Вместительные трюмы лодей и кочей были полны красным товаром: одеждой, тканями и обувью, разными кустарными изделиями своих и заморских мастеров.

Были суда поморян — большие морские лодьи и раньшины. Солидно выглядели громадные трехмачтовые корабли с грузом в двенадцать тысяч пудов. То там, то здесь сверкали золотые звезды на мачтах монастырских судов.

Поморье посылало сюда рыбу, сало, шкуры, моржовую кость и морскую соль, Печора — ценные меха и оленину.

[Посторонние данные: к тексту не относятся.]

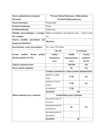 Nazwa jednostki prowadzącej Wyższa Szkoła Medyczna w Białymstoku, kierunek: Wydział Ogólnomedyczny Nazwa kierunku: Fizjoterapia Poziom kształcenia: Drugi Profil kształcenia: Praktyczny Moduły wprowadzające / wymaga- Efekty kształcenia z przedmiotu etyka – studia I stopnia wstępne: Nazwa modułu nia (przedmiot lub grupa przedmiotów): Koordynator, osoby prowadzące: Bioetyka dr n. hum. M. Dolata 1 ECTS Forma studiów /liczba godzin F-2-P-B-04 studia studia Liczba stacjonarne niestacjonarne punktów w/ćw w/ćw ECTS Zajęcia zorganizowane: - 15h/10h 0,8 Praca własna studenta: - 5h 0,2 /liczba punktów ECTS: Godziny kontaktowe z nauczycielem akademickim: udział w wykładach udział w ćwiczeniach konsultacje 5*3h 0,5 5*2h 0,3 1*2h - RAZEM: Bilans nakładu pracy studenta: 27h Samodzielna praca studenta: przygotowanie do - ćwiczeń przygotowanie do kolokwiów przygotowanie do egzaminu RAZEM: 0,2 5h 5h Cele modułu: Student zna zagadnieniami etyki zawodowej w pracy fizjoterapeuty; umie posługiwać się techniczną terminologią etyczną oraz ujmować dylematy etyczne spotykane w pracy zawodowej; umie rozstrzygać problemy etyczne odwołując się do klasycznych systemów etycznych; zna terminologię etyczną oraz podstawowe zagadnienia etyki zawodu; rozumienie wagę moralnego zachowania w pracy fizjoterapeuty. Efekty kształcenia: Odniesienie do Przedmiotowy Efekty kształcenia efekt kształcenia kierunkowych efektów kształcenia P_W01 posiada wiedzę z zakresu bioetyki K2_W15 P_W02 zna koncepcje i nurty w bioetyce światowej K2_W21 P_W03 zna kodeks etyki zawodowej K2_W15 P_W04 zna zagadnienia bioetyki w pracy z pacjentem i w ze- K2_W15 spole P_W05 rozumie odrębności kulturowe i religijne K2_W21 P_U01 dyskutuje na temat problemów natury moralnej K2_U13 P_U02 stosuje w praktyce zasady Kodeksu etyki zawodowej K2_U28 P_U03 identyfikuje i szanuje różnice kulturowe i religijne K2_U13 P_U04 student rozstrzyga problemy etyczne K2_U28 P_K01 szanuje prawa pacjenta K2_K14 P_K02 angażuje się w rozwiązywanie problemów bioetycz- K2_K05 nych P_K03 dyskutuje na temat roli bioetyki we współczesnym K2_K05 świecie P_K04 wykazuje świadomość poszanowania godności pacjenta K2_K06 i zachowania tajemnicy zawodowej Wiedza – student: • posiada wiedzę z zakresu bioetyki, • zna koncepcje i nurty w bioetyce światowej; • zna kodeks etyki zawodowej; • zna zagadnienia bioetyki w pracy z pacjentem i w zespole, K2_K14 • rozumie odrębności kulturowe i religijne Umiejętności – student: • dyskutuje na temat problemów natury moralnej, • stosuje w praktyce zasady Kodeksu etyki zawodowej, • identyfikuje i szanuje różnice kulturowe i religijne, • student rozstrzyga problemy etyczne Kompetencje społeczne – student: • szanuje prawa pacjenta; • angażuje się w rozwiązywanie problemów bioetycznych; • dyskutuje na temat roli bioetyki we współczesnym świecie; • wykazuje świadomość poszanowania godności pacjenta i zachowania tajemnicy zawodowej. Forma zajęć/metody dydaktyczne: Wykład, prelekcje multimedialne, zajęcia ćwiczeniowe, omawianie przypadków Forma i warunki zaliczenia przedmiotu w odniesieniu do efektów kształcenia. Nr efektu Metody weryfikacji efektu kształcenia kształcenia Formujące: Podsumowujące: P_W01 Ocena przygotowania do zajęć Zaliczenie pisemne – student generuje / P_W02 Dyskusja w czasie ćwiczeń rozpoznaje odpowiedź (esej, raport; P_W03 Sprawdzanie wiedzy w trakcie ćwiczeń krótkie strukturyzowane pytania /SSQ/; P_W04 Ocena aktywności studenta w czasie test wielokrotnego wyboru /MCQ/; test P_W05 zajęć wielokrotnej odpowiedzi /MRQ/; test dopasowania; test T/N; test uzupełniania odpowiedzi) P_U01 Bieżąca informacja zwrotna P_U02 Opis przypadku P_U03 Ocena aktywności studenta w czasie P_U04 zajęć Projekt, prezentacja Dyskusja w czasie ćwiczeń P_K01 Bieżąca informacja zwrotna Przedłużona obserwacja przez opieku- P_K02 Dyskusja w czasie ćwiczeń na / nauczyciela prowadzącego P_K03 Ocena 360° (opinie nauczycieli, kole- P_K04 gów/koleżanek, pacjentów, innych współpracowników) Samoocena (w tym portfolio) Treści programowe: Wykłady: 15 godzin 1. Istota starożytnej i średniowiecznej myśli etycznej. - 1h 2. Etyka świecka nowożytnego świata. – 1h 3. Historia etyki w dziejach medycyny. – 1h 4. Bioetyka – powstanie, rozwój, zadania. – 1h 5. Fizjoterapeuta a lekarz i pielęgniarka. – 1h 6. Podstawą bioetyki są moralne prawa pacjenta. – 1h 7. Ochrona jednostki w badaniach np. do pracy magisterskiej. – 1h 8. Dylematy bioetyki trzeciego tysiąclecia. – 1h 9. Etyka deontologiczna. – 1h 10. Etyka zgody na zabiegi fizykoterapeutyczne, zasady zaufania, swoboda wyboru fizjoterapeuty, wolność decydowania o wyborze metody, problem zgody zastępczej. – 1h 11. Problem bólu wynikającego z choroby i bólu podczas fizjoterapii. – 1h 12. Medycyna paliatywna, praca w hospicjum. – 1h 13. Deklaracja deontologiczna pracowników zawodów medycznych. – 1h 14. Poszanowanie godności pacjenta. – 1h 15. Błąd i tajemnica w sztuce fizjoterapii. – 1h Ćwiczenia: 10 godzin 1. Zasady moralności w bioetyce - aborcja, antykoncepcja, informowanie o chorobie nieuleczalnej. – 2h 2. Fizjoterapeuta a komunikowanie z pacjentem. – 2h 3. Eutanazjia. Cierpienie pacjenta i jego wartość. – 2h 4. Europejska konwencja bioetyczna, Prawo naturalne. – 2h 5. Etyka badań i eksperymentów naukowych– 2h Literatura podstawowa: 1. Biesaga T., Systemy bioetyki, Kraków, 2003 2. Bołoz W., Bioetyka i prawa człowieka, Warszawa, 2007 3. Czarkowski M., Różyńska J., Świadoma zgoda na udział w eksperymencie medycznym, Warszawa, 2008 4. Wójcik B., Bioetyka i tożsamość człowieka, Tarnów, 2007 5. Mephan B.: Bioetyka. Wyd. PWN, Warszawa 2008. 6. Meirieu P.: Moralne wybory nauczycieli. Etyka i pedagogika. Wyd. Fraszka Edukacyjna, 2003. 7. Brzeziński T.: Etyka lekarska. Wyd. PZWL, Warszawa 2002. Lit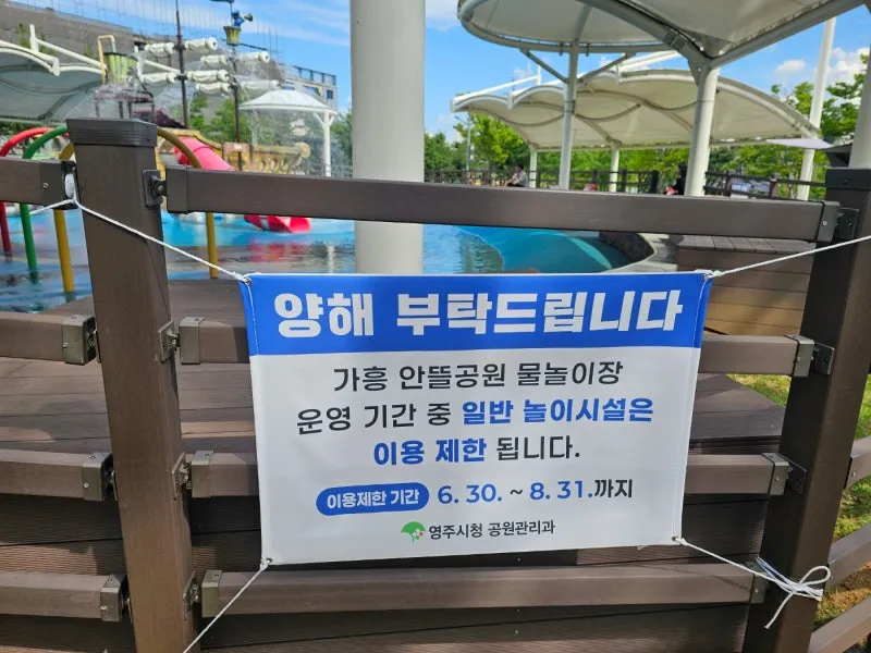영주에는 많은 물놀이장과 바닥분수가 있는데 그중 도심과 가까워서 접근성이 좋은 가흥 안뜰 공원 물놀이장은 초등학생 이하 어린이를 대상으로 운영되어서 물놀이장의 물 높지 않고 아이들에게 딱 좋은 곳입니다.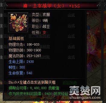 神·主宰战甲(女)。类型:衣服,等级:9转,职业:战士,性别:女。基础属性——物理攻击:186-933,物理防御:380-1900,魔法防御:253-1267,生命上限:2430(蓝色),韧性:300(蓝色),生命恢复:540(蓝色)。捐帮会可得:6480000贡献值,作为附灵材料可获得:5400附灵经验。

Город пробуждался. Сегодня открывалось холмогорское торжище. На базарной площади, у старенькой деревянной церкви, толпился народ. С реки доносились крики и ругань молодцов-барочников.

Прибывшие на торжище гости: московские, новгородские вологодские купцы, тоже поднялись с петухами. Степенно разговаривая, дородные, грузные, они важно прохаживались по базару, выделяясь в пестрой толпе дорогой одеждой. Купцы пока только приглядывались и приценивались. Появились краснолицые, заплывшие жиром монахи. Могущественная церковь держала всю соляную торговлю на севере. Недаром все заволоцкие монастыри имели в Холмогорах соляные склады, амбары, монастырские дома и своих приказчиков в черных рясах.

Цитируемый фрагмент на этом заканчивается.